Crash Survival Zone

Surviving the Economic Crisis

07 Apr

A Global Free-For-All?

By Robert J. Samuelson

We are in a race between economic recovery and economic nationalism. At last week’s G20 summit, leading nations agreed to roughly $1 trillion of additional lending, mostly through the International Monetary Fund, to end the worldwide slump. But beneath the veil of consensus, countries are maneuvering to protect their economies and blame someone else for the crisis. Will the world economic order overcome these stresses or give way to a global free-for-all, characterized by rampant protectionism, nationalistic subsidies and preferences?

Emblematic of the tension is a recent proposal by Zhou Xiaochuan, governor of the People’s Bank of China (PBOC), to replace the dollar as the world’s major international currency. In a paper posted on the PBOC’s Web site, Zhou argued that the present crisis reflects “the inherent vulnerabilities and systemic risks” of the dollar-based global economy. The PBOC is China’s Federal Reserve, meaning that Zhou is no obscure bureaucrat or renegade academic. His critique is a significant event.
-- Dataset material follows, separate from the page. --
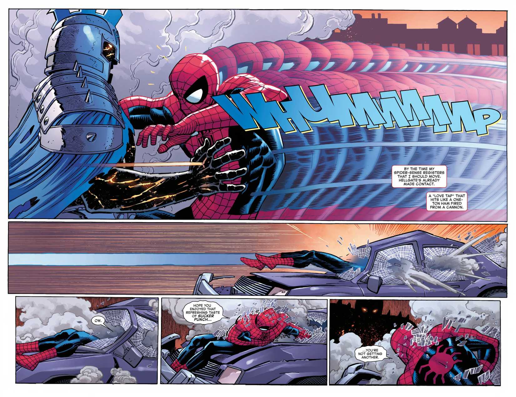 Hit por un “toque de amor” de Hellgate antes de que pueda reaccionar, Spider-Man es enviado de cabeza al parabrisas de un automóvil cercano, con el monólogo interno de Spidey señalando cómo, “Para cuando mis registros de sentido de araña me muden, Hellgate ya ha hecho contacto”. Dando a los fanáticos directamente que Hellgate es oficialmente más rápido que el sentido de Spider-Man.

It may surprise Americans that, up to a point, his analysis is correct. The dollarized world economy developed huge potential instabilities—vast trade imbalances (American deficits, Asian surpluses) and massive, offsetting international money flows. But what Zhou omits from his analysis is revealing. To wit: China and others are implicated in the dollar system’s failings. By keeping their currencies artificially depressed—a way to aid exports—they abetted the very imbalances that they now criticize.